Just for kicks, it might help some of the guys here to know what your max budget is for this car. A $25k car & a $50k car can be worlds apart. And there are lots of GTO's advertised for well over $50k. But, in some cases, you'd be paying mostly for the numbers matching, and originality, which doesn't sound like what you're lookin for. 

Anyhow, good luck. Hope you find a good deal on exactly the car you want ! :smile3:


----------



## bigD (Jul 21, 2016)

21'st century GTO's were mentioned. 

I'm an old school Pontiac freak. To me, the last Pontiac engine was a 301, & the last decent Pontiac engine was a '79 400. 

I'd much prefer a 455 powered X-body '74 GTO, to a late model.

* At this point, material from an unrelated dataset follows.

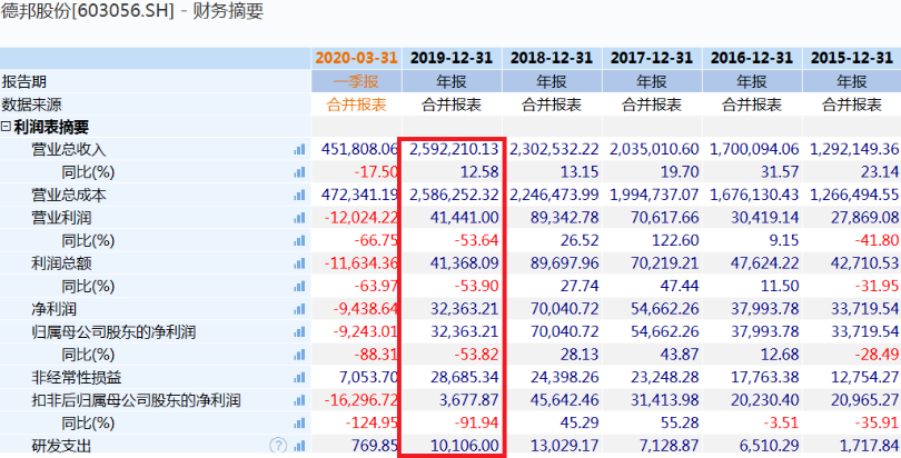 根据德邦4月30日公布的2019年财报,2019年全年,德邦股份实现营业收入259.22亿元,同比增长12.58%;但净利润却同比下滑-53.82%至3.24亿元。

But, if you wanna save lots of money, you can go with '82-up Chevy powered stuff. There were some nice lookin 3rd gen Birds. And some of the 4th gens look real good. You can have a real nice late model Pontiac for 1/2 the price of a real nice REAL '64-'72 GTO, and in many cases you can save a lot more than 1/2. 

But, then you won't have a '60's -'70's era Pontiac powered Musclecar. :frown3:


----------



## geeteeohguy (Feb 2, 2008)

A 1970 GTO is a classic year, desired by many. Do your homework and buy the best car you can. You are better off with a western car or southern car that has never been restored, and has always been a 'driver',IMO. It will be a more 'honest' car, without covered up rust or flaws, or shortcut restoration hacks. It is very expensive to restore one of these cars properly, upwards of 60 grand, so you are better off buying a 'survivor' type car for less than half that, or a PROPERLY restored car with DOCUMENTATION. There is an original paint '70 here in town, original owner, with a 4 speed. Car is in solid #3 shape, and is daily driven. Not for sale, but they are out there. I recently (well, 2 years ago) missed the boat on a very clean original loaded '68 GTO that was a one owner car that sold for 12k. You never know. Again, buy the best car you can, and if in doubt, get it inspected by a pro. Money well spent. I have two GTO's, a '65 and a '67, and have driven them for the past 35+ years. They've never been restored. I just got back from a 700 mile weekend trip in the '67. Living the dream!


----------



## Machinist (Oct 13, 2018)

thanks for the reply post guys, I've just started my research into buying a 1970 GTO and this being the 1st & only forum I feel like I'm making good progress. Which gives me hope that I can make it happen.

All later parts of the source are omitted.